One of my best friends is a Buddhist priest and he used to call me “Kuanyin” because I worried so much over my own emotional connection to the world that I jeopardized my connection to my own spirit. It isn’t hard to let others crowd out your own self-regard. But what he didn’t understand is that I reject Buddhism’s hyper-focus on lack of suffering. It too often translates into a rejection of emotional power. Buddhism is based on an idealized state – enlightenment but the picture of enlightenment in the West is one of detachment, rather than non-attachment. There is a crucial difference. And Buddhist practice is based on an idealized life that does not exist in the West or most industrialized nations. One does not live like a monk;full of simplicity and self-denial. Self-denial is easy when life only offers you little choices. Sandals or shoes? Robe or wrap? Pffft. Small inconsequential choices that allow a person to believe their state of mind is a clean slate when in fact is it simply in a clean environment. Throw a mirror into a crystal clear lake and your reflection is beautified. Throw a mirror into muddy waters and you’ll see nothing but filth. I cannot possibly expect to achieve the state of mind a monk has while living as a “regular” American. (and believe me, my life has hardly been “regular”) In order to attain some sort of peace within I need to accept and embrace the complicated chaotic state I am surrounded by first.

That is why TM eventually became a failed endeavor: it comes from a state of being that I do not have and do not want. I like running water, indoor toilets, sanitary conditions, transportation, easy access to information, devices that allow me to keep ties to people I love but cannot be near. I want to keep my “modern” life. It does not have to be ostentatious but I do not believe that I must throw away where I am in order to be in touch with who I am. Surely any method of self-actualization can encompass a variety of environmental differences? I don’t think TM does. Yoga does – it does not matter who you are or where you come from when you do yoga. I never was brave enough to try yoga but I have thought about it a lot lately.

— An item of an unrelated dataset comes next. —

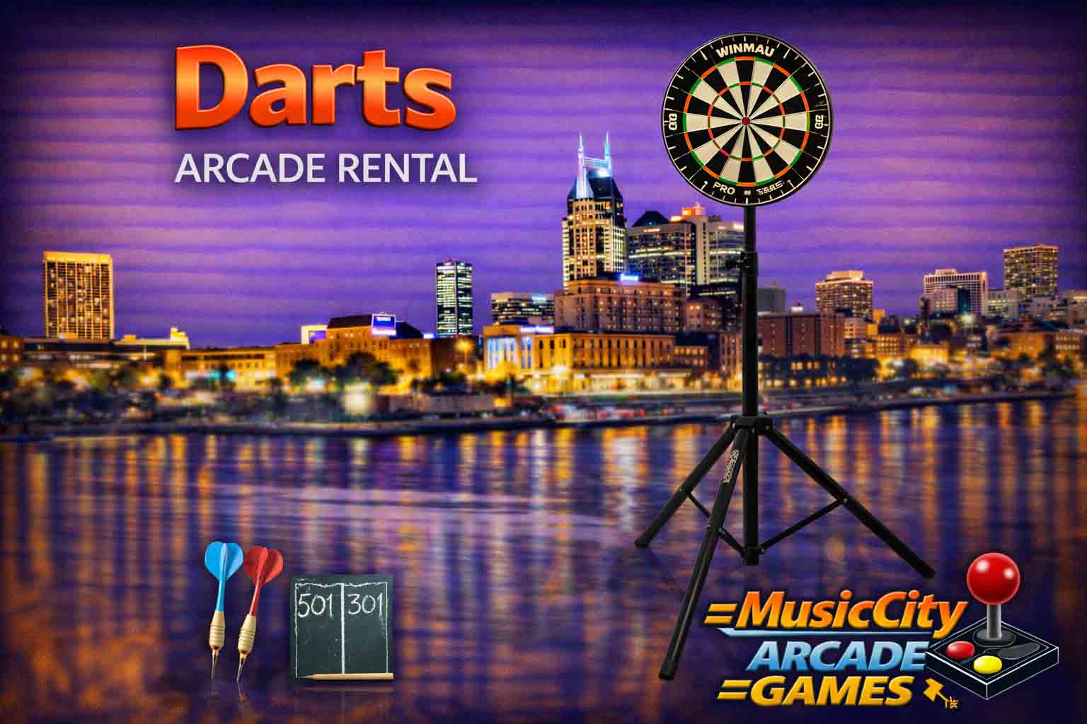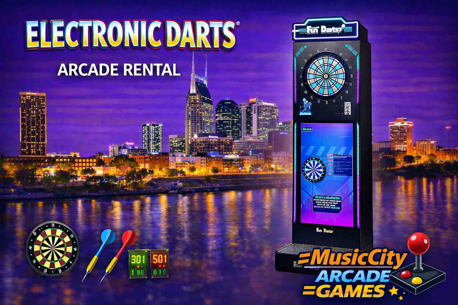 Electronic darts arcade game rental Nashville from Music City Mini Golf offers digital scoring, multiplayer competition, and interactive gameplay, creating modern entertainment experiences ideal for corporate events, parties, and branded activations.
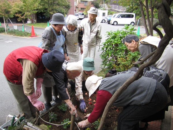 昨日は、ご入居者様9名と花壇づくりを楽しみました。

On the practical side, TM involves sitting – which is uncomfortable and eventually painful for me. It also involves quietude which I have in rare precious quantities. Most of all, it involves focusing on nothing and becoming “empty”. The Tao has taught me the importance of real emptiness, I do not need meditation for that as a goal. I have different goals that I think go beyond TM – I don’t want to just relax and feel refreshed, I want to be able to actuate my inner knowledge and explore my true self. That is my connection to Godhead, of course, in whatever incarnation she may be. TM failed me there: it was a method to be calm and stop being two eyes peering out from my face but it went no further. If all I need is to relax, I can read a book or listen to music. or sing. Or dance. Or watch my daughter draw. or just be in the presence of someone who is dear to me. Those activities give me relaxation and a sense of connection to godhead because I am connected to someone else. TM just cuts me off from everyone and everything. It makes me feel void, not empty. I become a shell, not a vessel.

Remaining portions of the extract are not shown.